Paavo Järvi recently conducted the Staatskapelle Berlin, receiving a glowing review from the Berliner Zeitung. He returns in May to conduct the Berlin Philharmonic in three concerts concerts featuring Schumann’s Overture, Scherzo and Finale in E Major, Prokofiev’s Concerto No. 2 in G minor and Shostakovich’s Symphony No. 1 in F minor. The soloist is Yuja Wang.

“It really is a bit odd that Paavo Järvi’s name hasn’t been taken up at all in connection to Simon Rattle’s successor at the Philharmonic. The conductor has, until now, seldom appeared as a guest conductor with the orchestra and only as recently as two years ago was he re-invited to perform with them after a long gap. Perhaps Järvi comes across as too unpretentious, too musical; possibly because everything seems a little bit too easy to him. He sparks the public with reliable enthusiasm; and he has an extremely wide repertoire from almost all eras, which he serves with exceptionally good taste.”

“This is what was experienced at Monday’s wonderful concert in the Philharmonie with the Staatskapelle. Järvi’s clarity and the orchestra’s silkily soft sound – these complemented the evening beautifully … Mozart’s G Major Piano Concerto (with Maria Joao Pires as soloist) feather-lightly performed, with such noble, almost tender restraint like one hardly ever hears from this powerful ensemble … Opening the concert was Olivier Messiaens’ early orchestral work “Le Tombeau resplendissant” which the composer wrote in memory of the early death of his mother. A work, with which the conductor Paavo Järvi could prepare the Staatskapelle for what followed: the gentleness of the mystically glowing passages which recurred in the piano concerto and the uncharacteristically rough opening of the Messiaen which lead to Schumann’s Spring Symphony after the interval.
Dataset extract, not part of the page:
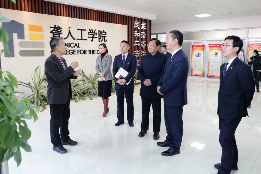 公司党总支书记刘迎、经理王春东对各位领导的到来表示热烈欢迎,并向来宾详细介绍了学院的发展历程、办学指导思想、办学规模、专业设置、校企协同育人及近年来取得的教学成果。重点介绍了在人工智能技术领域工信部立项的《复杂场景下中国手语实时翻译系统》、全国优秀员工创业创新项目《柒屿手工坊》。中国农业银行天津市分行党委负责人徐雅林对学院的办学条件、人才培养、老员工创新创业、解决毕业生就业等方面做出的成绩表示赞赏。在参观期间,来访的嘉宾参观了学院实验室,同学院专业教师进行了深入交流。

“In recent years Järvi has extensively worked on the Schumann Symphonies which he performed as a cycle with the Deutsche Kammerphilharmonie, of which he has been the director for 10 years: this familiarity with the score is felt in every note. Järvi conducts this first symphony resolutely as a work of joyous abandon. Hefty dialogues between the string groups, a lost dream in the slow movement, slapstick humour in the finale– with Paavo Järvi it all sounds so vibrant and colourful, that one looks back on September’s parlous Schumann – Brahms cycle and thinks: I would also really like to hear this with the Philharmonic.”